For this listing, report how many lines contain the string "noch", using only a number.
(TASK MATERIAL)
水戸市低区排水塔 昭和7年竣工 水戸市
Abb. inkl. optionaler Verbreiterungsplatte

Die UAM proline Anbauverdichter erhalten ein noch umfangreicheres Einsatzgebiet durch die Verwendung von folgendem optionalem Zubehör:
(End TASK MATERIAL)
(TASK MATERIAL)
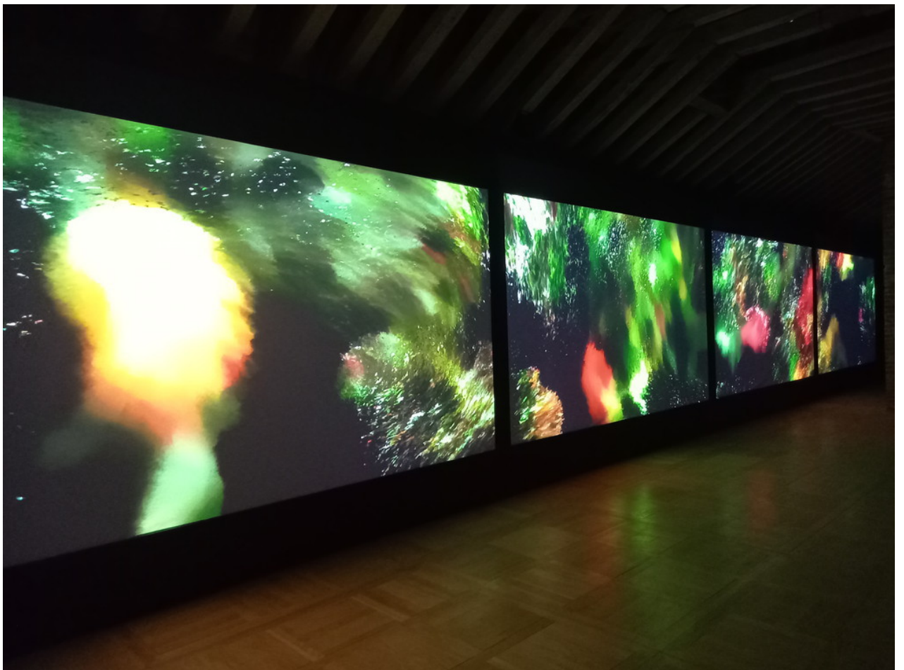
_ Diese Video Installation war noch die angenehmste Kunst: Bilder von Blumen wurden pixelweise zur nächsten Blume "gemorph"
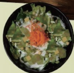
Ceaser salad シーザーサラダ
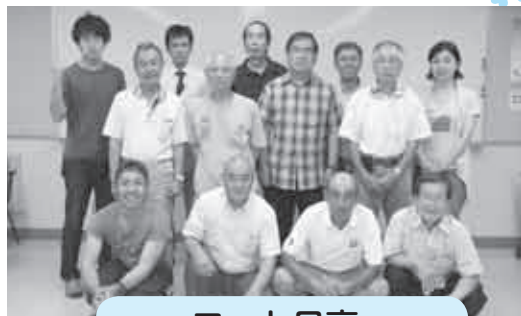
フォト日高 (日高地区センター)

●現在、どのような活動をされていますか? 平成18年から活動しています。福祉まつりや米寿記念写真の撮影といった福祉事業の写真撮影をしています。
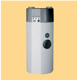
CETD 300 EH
(End TASK MATERIAL)
■ ANSWER BOX ■
2